▸ Directions: Where the line containing "5月25日下午,控制与计算机" appears, end the copy there, keeping that line; start from the first line of the entries, copy exactly, and omit pictures.

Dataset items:
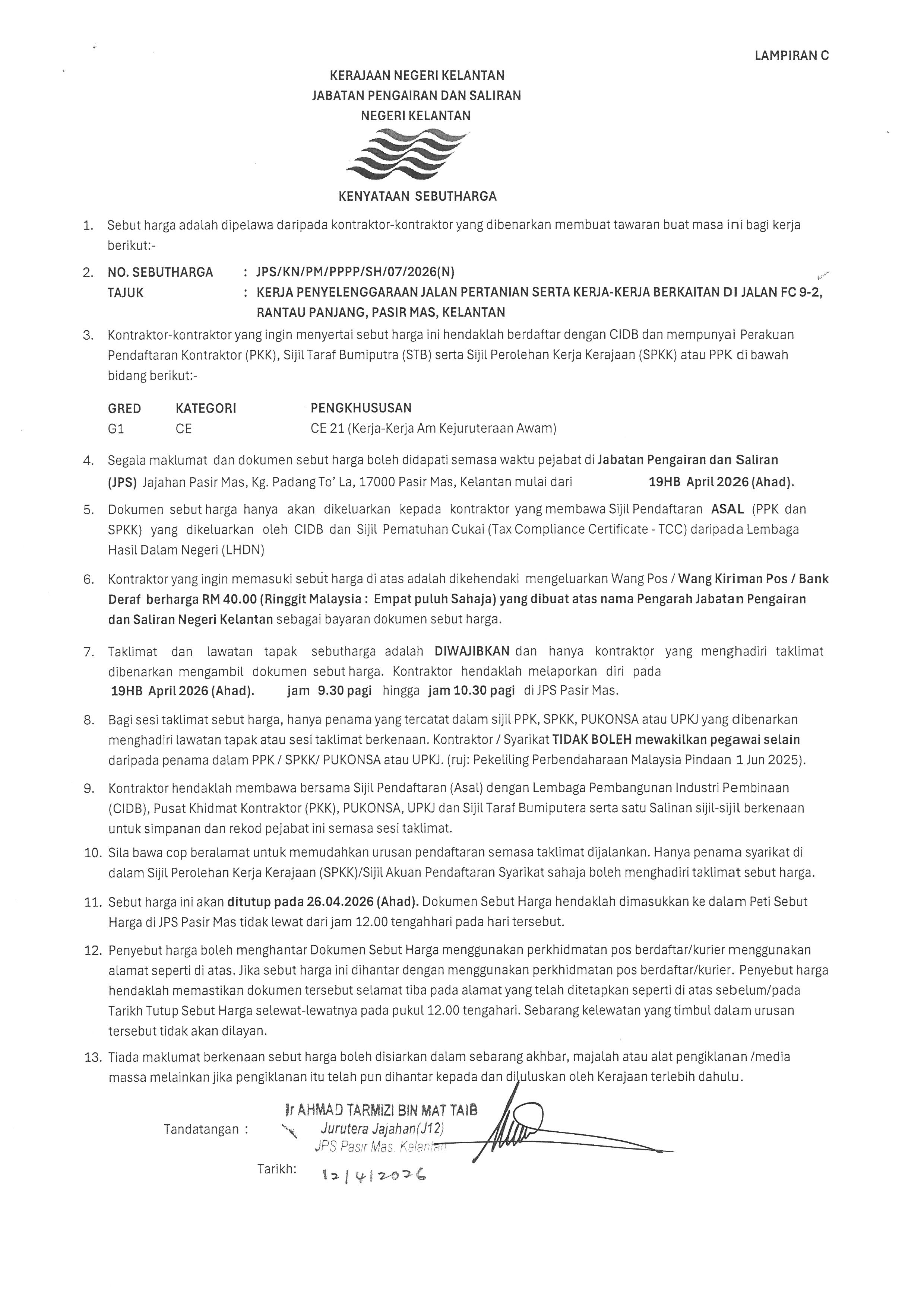 UTAMA PUSAT SUMBER SEBUTHARGA/TENDER/UNDI Iklan JPS/KN/PM/PPPP/SH/07/2026(N) Muhammad Faruq Syakirin Bin Shaari JPS/KN/PM/PPPP/SH/07/2026(N)
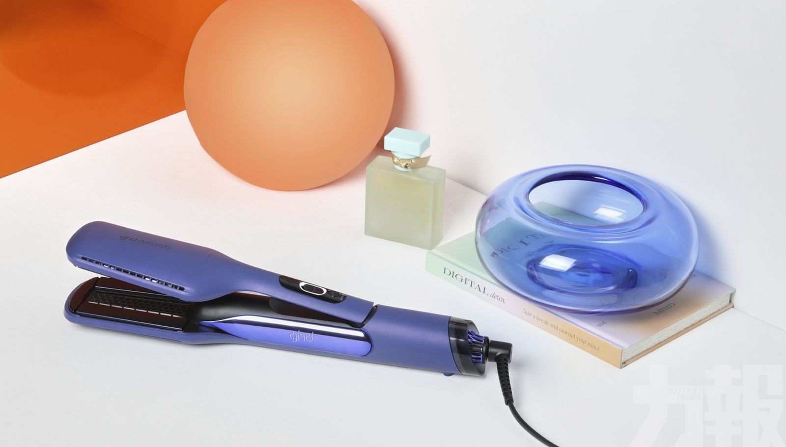 ghd 新星藍色限量版 Duet 雙效熱風造型夾 HK$3,295(附送隔熱收納袋 HK$220)。(相關機構圖片)
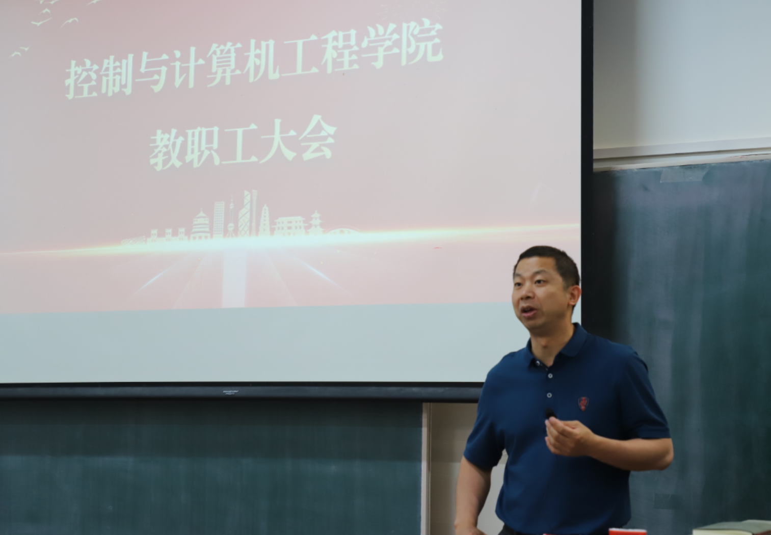 5月25日下午,控制与计算机工程学院于主楼E102召开教职工大会,学院全体教职员工参加会议。会议由学院党委副书记、工会主席耿晔主持。
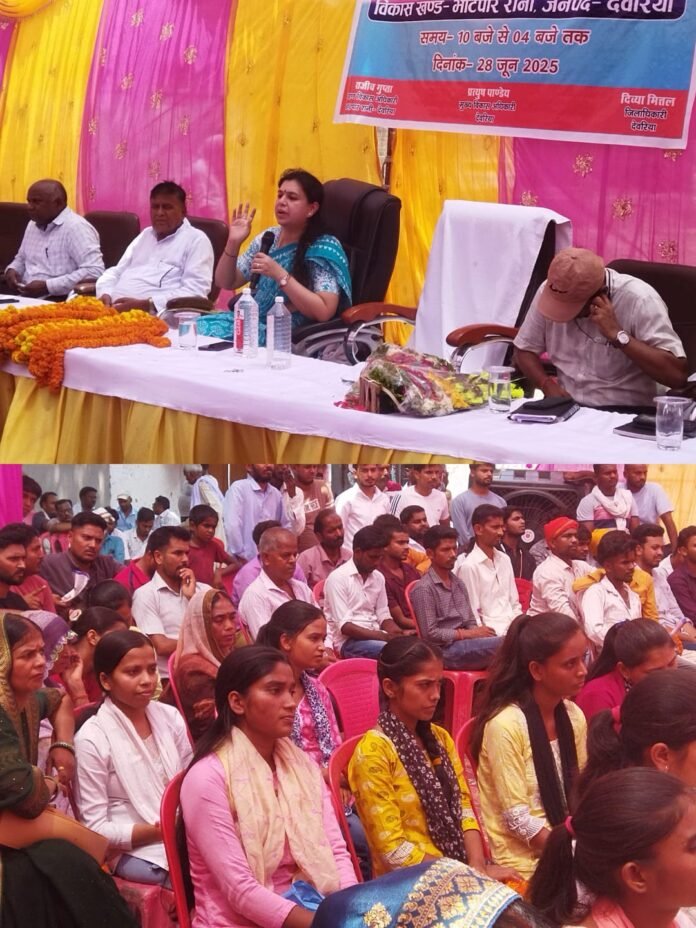 देवरिया,,जिलाधिकारी दिव्या मित्तल के दिशा-निर्देशन एवं प्रेरणा से आज भाटपार रानी ब्लॉक परिसर में युवाओं के लिए सामाजिक जागरूकता प्रशिक्षण शिविर का आयोजन किया गया। इन शिविरों का उद्देश्य युवाओं को सरकार की जनकल्याणकारी योजनाओं की गहन जानकारी प्रदान करना एवं उन्हें गांव-गांव तक योजनाओं के प्रचार-प्रसार के लिए प्रेरित करना था।
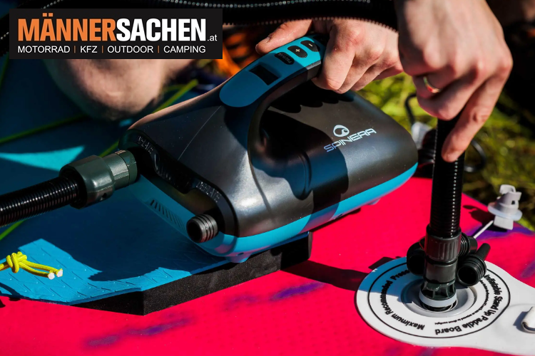 Entdecken Sie die Spinera Hochdruckpumpe mit 12V, die einen Druck von 20 PSI erreicht und perfekt für Ihr SUP und andere aufblasbare Gegenstände ist.
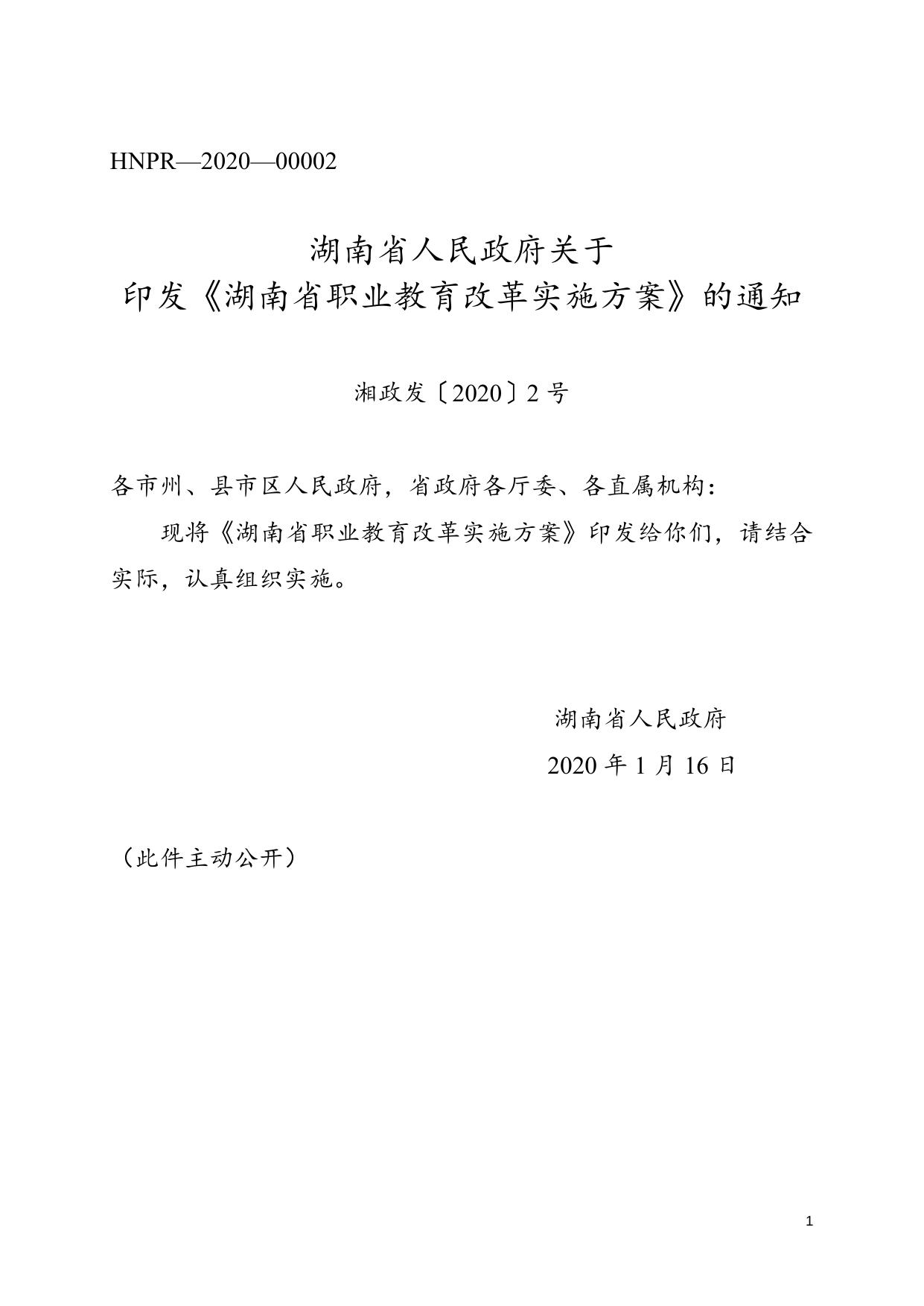 【湘政发2号】湖南省人民政府关于印发《湖南省职业教育改革实施方案》的通知.doc
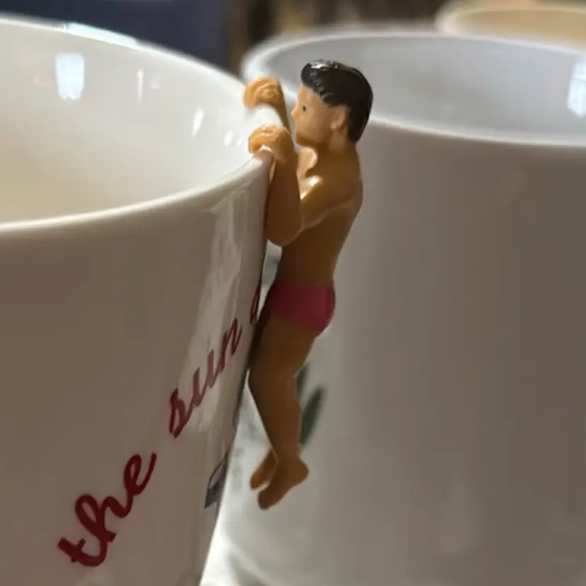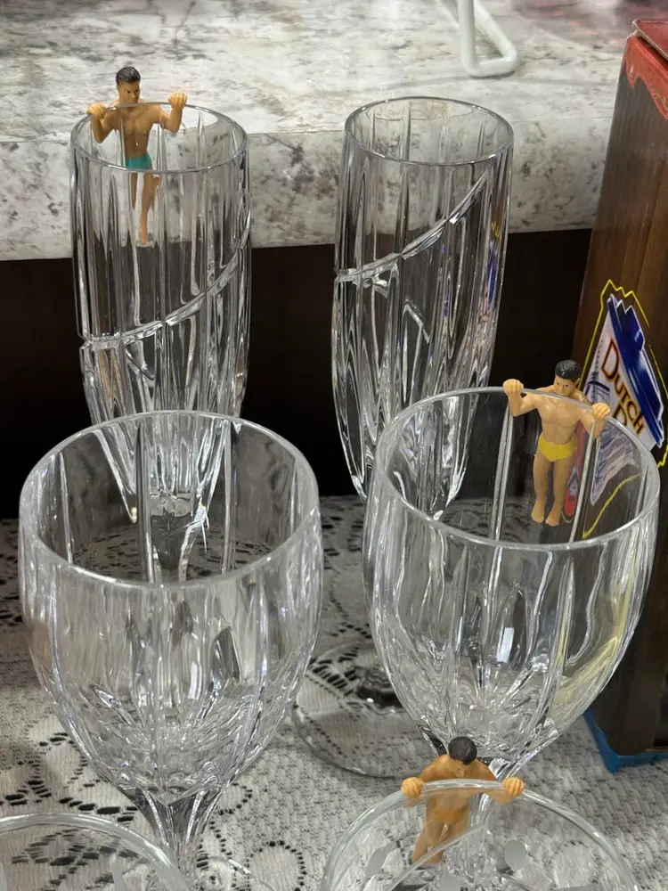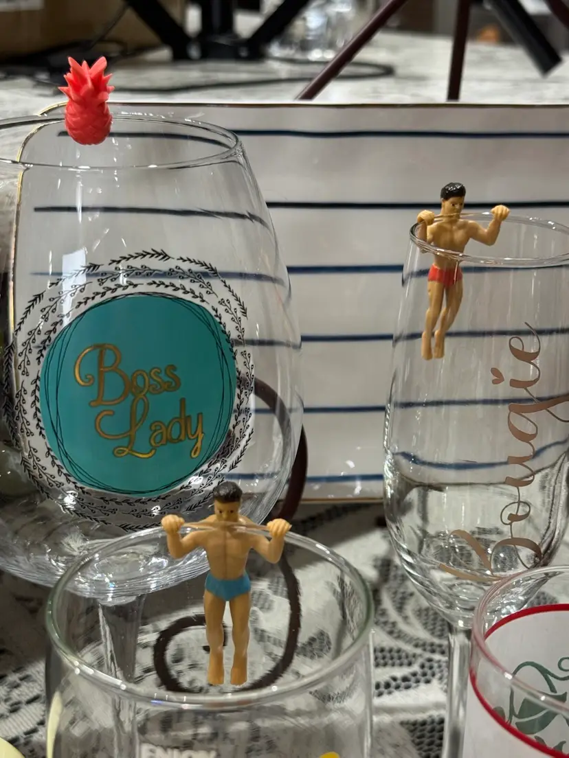 Set of 6 wine glass charms, each with a man’s name on the back of their trunks to help you keep track of your glass! About 2 inches tall, they hang from the glass with curved hands, best for thinner rimmed glasses. Made of a pliable material.
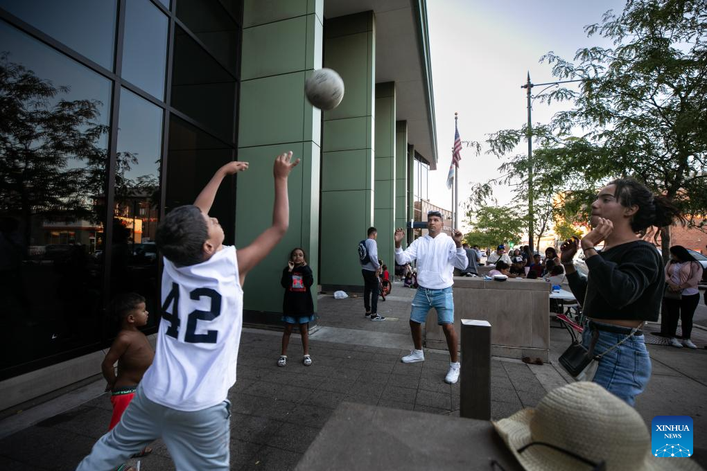 Migrants play volleyball outside the 9th District Police Station in Chicago, the United States, Aug. 17, 2023. Since Aug. 31, 2022, the State of Texas has dispatched more than 13,000 migrants to Chicago, according to local media. (Photo by Vincent D. Johnson/Xinhua)

▸ Expected answer:
 UTAMA PUSAT SUMBER SEBUTHARGA/TENDER/UNDI Iklan JPS/KN/PM/PPPP/SH/07/2026(N) Muhammad Faruq Syakirin Bin Shaari JPS/KN/PM/PPPP/SH/07/2026(N)
 ghd 新星藍色限量版 Duet 雙效熱風造型夾 HK$3,295(附送隔熱收納袋 HK$220)。(相關機構圖片)
 5月25日下午,控制与计算机工程学院于主楼E102召开教职工大会,学院全体教职员工参加会议。会议由学院党委副书记、工会主席耿晔主持。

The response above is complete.